Solve the Rainfall Problem in the programming language of your choice in two different ways. Compare your solutions with those of your partner.

Rate Your Tools (individual/15 minutes)

[Koll2016] proposes a set of heuristics to be used in evaluating programming systems for novices, based in large part on the authors’ work developing several generations of such systems [Koll2015]. The heuristics are listed below; rate the programming system you are using in your teaching as “low”, “medium”, “high”, or “not applicable” for each one.


The system should engage and motivate the intended audience of learners. It should stimulate learners’ interest or sense of fun.


The system should not appear threatening in its appearance or behaviour. Users should feel safe in the knowledge that they can experiment without breaking the system, or losing data.

Minimal language redundancy:

The programming language should minimize redundancy in its language constructs and libraries.

Learner-appropriate abstractions:

The system should use abstractions that are at the appropriate level for the learner and task. Abstractions should be driven by pedagogy, not by the underlying machine.


The model, language and interface presentation should be consistent—internally, and with each other. Concepts used in the programming model should be represented in the system interface consistently.


The user should always be aware of system status and progress. It should be simple to navigate to parts of the system displaying other relevant data, such as other parts of a program under development.

Secondary notations:

The system should automatically provide secondary notations where this is helpful, and users should be allowed to add their own secondary notations where practical.
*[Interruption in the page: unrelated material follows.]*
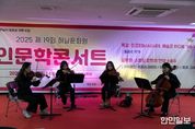 한민일보 서울포커스 유현민 기자 | 하남문화원은 2025년 11월 13일 오후 2시, 하남문화원 대강당에서 인문학 콘서트 '인공지능의 시대, 예술은 어디로 가는가?'를 성황리에 개최했다. 올해로 19번째를 맞은 이번 행사는 급격히 변화하는 인공지능 시대 속에서 예술의 본질과 인간 창의성의 의미를 성찰하기 위해 기획됐었다. 이날 특강은 2024년 문화대학 특강 예술, 달라진시선-포스트모더니즘 쉽게 이해하기 주제로 명강연으로 큰 호응을 얻었던 홍광수 작가가 맡아, 생성형 AI가 예술 창작 과정에 미치는 영향과 예술의 본질적 가치가 무엇인지에 대해 깊이 있는 강연을 펼쳤다. 홍 강사는 “AI가 만들어내는 작품이 늘어나고 있지만, 예술을 통해 감동을 주는 힘은 여전히 인간의 내면에서 비롯된다”고 강조하며 기술과 예술의 미래 관계에 대해 다양한 관점을 제시했다. 특강 후 이어진 현악 4중주 연주팀 ‘스트링 콸텟(String Quartet)’의 공연은 인문학 콘서트의 주제와 긴밀히 연결되며 깊은 인상을 남겼다. 이번 무대는 ‘기술이 대체할 수 없는 인간적 감성’을 음악으로 표현하는 데 초점을 맞추어 기획됐다. 현장에서 연주된 ‘Gab
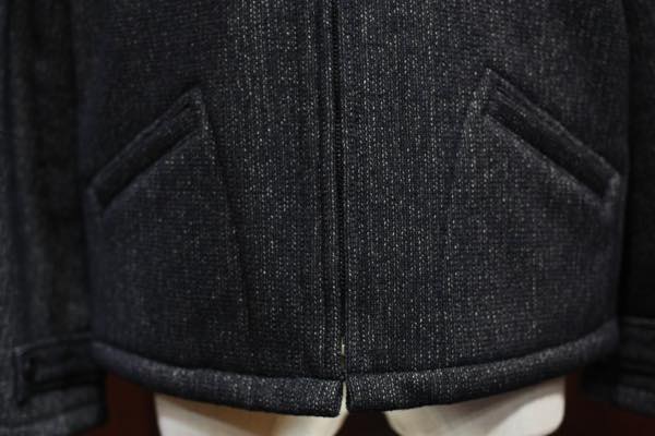 フロントはジッパー仕様で、フロント裾には玉縁仕様のポケットが設けられております。

The presentation should maintain simplicity and clarity, avoiding visual distractions. This applies to the programming language and to other interface elements of the environment.

Human-centric syntax:

The program notation should use human-centric syntax. Syntactic elements should be easily readable, avoiding terminology obscure to the target audience.

Edit-order freedom:

The interface should allow the user freedom in the order they choose to work. Users should be able to leave tasks partially finished, and come back to them later.

Minimal viscosity:

The system should minimize viscosity in program entry and manipulation. Making common changes to program text should be as easy as possible.


Preference should be given to preventing errors over reporting them. If the system can prevent, or work around an error, it should.


The system should provide timely and constructive feedback. The feedback should indicate the source of a problem and offer solutions.

Roles of Variables (pairs/15 minutes)

Take a short program you have written (5–15 lines) and classify each of its variables using the categories defined by Sajaniemi et al. Compare your classifications with those of a partner: where did you agree? When you disagreed, did you understand each other’s view?

Choose Your Own Adventures (individual/10 minutes)

Which of the three approaches described in [Sorv2014] (Section 7.3) do you use when teaching? Or is your approach best described in some other way?

What Are You Teaching? (individual/10 minutes)

Compare the topics you teach to the list developed in [Luxt2017] (Section 7.3). Which topics do you cover? What extra topics do you cover that aren’t in their list?

Beneficial Activities (individual/10 minutes)

Look at the list of interventions developed by [Viha2014] (Section 7.11). Which of these things do you already do in your classes? Which ones could you easily add? Which ones are irrelevant?

Visualizations (individual/10 minutes)

What visualization do you most like to use when teaching? Is it a static image or an animation? Do you show it to your learners, do they discover it on their own, or something in between?

Misconceptions and Challenges (small groups/15 minutes)

The Professional Development for CS Principles Teaching site includes a detailed list of student misconceptions and challenges. Working in small groups, choose one section (such as data structures or functions) and go through their list. Which of these misconceptions do you remember having when you were a learner? Which do you still have? Which have you seen in your learners?